> **WORK TASK**: A single number is required: the count of lines in the following entries that include the word "have".

-- Opening Marker --

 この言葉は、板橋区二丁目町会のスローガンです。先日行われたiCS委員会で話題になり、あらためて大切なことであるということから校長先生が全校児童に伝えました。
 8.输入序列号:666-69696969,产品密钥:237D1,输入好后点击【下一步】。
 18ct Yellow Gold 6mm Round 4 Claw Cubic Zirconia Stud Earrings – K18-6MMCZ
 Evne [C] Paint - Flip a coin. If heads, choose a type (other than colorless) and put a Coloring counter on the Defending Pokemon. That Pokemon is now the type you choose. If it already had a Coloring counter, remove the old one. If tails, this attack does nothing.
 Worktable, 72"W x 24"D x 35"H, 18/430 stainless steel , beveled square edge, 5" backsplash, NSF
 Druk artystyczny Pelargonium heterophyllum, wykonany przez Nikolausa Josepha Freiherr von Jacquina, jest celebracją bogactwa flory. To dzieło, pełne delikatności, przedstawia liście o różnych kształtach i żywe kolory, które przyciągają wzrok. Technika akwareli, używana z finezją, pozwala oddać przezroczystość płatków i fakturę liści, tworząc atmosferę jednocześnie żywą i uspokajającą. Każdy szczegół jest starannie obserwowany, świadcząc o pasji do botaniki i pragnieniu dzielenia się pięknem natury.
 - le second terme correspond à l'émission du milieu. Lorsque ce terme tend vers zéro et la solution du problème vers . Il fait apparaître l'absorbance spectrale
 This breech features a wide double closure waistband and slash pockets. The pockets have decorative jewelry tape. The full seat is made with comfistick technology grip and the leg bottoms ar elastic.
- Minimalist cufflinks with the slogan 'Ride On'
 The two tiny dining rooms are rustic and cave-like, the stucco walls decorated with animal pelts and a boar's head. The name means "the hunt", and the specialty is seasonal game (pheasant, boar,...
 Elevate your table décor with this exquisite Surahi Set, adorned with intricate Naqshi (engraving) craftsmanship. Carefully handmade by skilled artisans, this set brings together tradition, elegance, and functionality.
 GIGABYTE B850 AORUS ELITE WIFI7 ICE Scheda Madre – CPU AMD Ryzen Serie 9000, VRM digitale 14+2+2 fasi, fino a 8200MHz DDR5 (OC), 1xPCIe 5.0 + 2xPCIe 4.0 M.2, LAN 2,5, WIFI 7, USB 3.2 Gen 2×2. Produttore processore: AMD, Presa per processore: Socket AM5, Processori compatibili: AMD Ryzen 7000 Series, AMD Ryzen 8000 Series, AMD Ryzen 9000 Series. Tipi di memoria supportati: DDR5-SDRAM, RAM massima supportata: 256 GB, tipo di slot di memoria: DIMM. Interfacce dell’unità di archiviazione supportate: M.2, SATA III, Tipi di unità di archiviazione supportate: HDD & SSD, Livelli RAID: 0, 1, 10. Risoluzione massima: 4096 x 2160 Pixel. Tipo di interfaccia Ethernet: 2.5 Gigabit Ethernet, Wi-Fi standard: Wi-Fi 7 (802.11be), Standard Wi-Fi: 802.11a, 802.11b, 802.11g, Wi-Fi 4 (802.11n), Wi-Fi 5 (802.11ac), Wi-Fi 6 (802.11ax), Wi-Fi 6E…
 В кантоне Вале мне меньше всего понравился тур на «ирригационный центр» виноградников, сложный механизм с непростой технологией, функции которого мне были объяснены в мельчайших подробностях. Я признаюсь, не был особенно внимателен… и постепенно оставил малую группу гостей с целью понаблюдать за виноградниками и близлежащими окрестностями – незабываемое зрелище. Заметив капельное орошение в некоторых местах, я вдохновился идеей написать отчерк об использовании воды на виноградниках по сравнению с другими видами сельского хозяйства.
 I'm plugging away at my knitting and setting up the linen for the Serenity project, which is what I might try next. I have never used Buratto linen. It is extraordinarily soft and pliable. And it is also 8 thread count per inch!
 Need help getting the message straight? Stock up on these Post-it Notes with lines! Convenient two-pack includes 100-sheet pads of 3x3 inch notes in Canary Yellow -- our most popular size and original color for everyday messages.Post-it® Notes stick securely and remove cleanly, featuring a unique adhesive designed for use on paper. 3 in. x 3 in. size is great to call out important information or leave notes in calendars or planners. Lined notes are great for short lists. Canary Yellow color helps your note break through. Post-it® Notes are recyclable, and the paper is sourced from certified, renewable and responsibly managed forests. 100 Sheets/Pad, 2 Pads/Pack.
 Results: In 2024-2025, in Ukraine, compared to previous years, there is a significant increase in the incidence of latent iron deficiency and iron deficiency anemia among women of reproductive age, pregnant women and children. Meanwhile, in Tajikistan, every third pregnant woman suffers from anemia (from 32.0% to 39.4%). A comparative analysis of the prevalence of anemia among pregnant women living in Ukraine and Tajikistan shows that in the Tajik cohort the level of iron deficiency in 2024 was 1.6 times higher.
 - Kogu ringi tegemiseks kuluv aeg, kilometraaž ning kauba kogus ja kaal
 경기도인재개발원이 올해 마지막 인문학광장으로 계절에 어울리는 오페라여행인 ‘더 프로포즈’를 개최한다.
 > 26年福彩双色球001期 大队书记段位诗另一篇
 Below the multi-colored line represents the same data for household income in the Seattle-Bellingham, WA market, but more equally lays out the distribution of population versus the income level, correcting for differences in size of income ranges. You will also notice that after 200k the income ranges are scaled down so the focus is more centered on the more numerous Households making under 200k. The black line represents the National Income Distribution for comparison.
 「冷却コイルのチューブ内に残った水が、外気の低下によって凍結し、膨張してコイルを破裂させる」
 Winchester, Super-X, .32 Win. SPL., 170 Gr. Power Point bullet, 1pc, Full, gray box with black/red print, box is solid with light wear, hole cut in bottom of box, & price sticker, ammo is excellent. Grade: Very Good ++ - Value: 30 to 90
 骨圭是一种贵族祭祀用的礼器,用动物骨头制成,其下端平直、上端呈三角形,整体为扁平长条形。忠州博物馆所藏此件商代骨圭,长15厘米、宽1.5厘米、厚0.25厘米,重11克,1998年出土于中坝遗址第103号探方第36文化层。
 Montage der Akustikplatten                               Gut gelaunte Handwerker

-- Closing Marker --

> **RESULT**: 2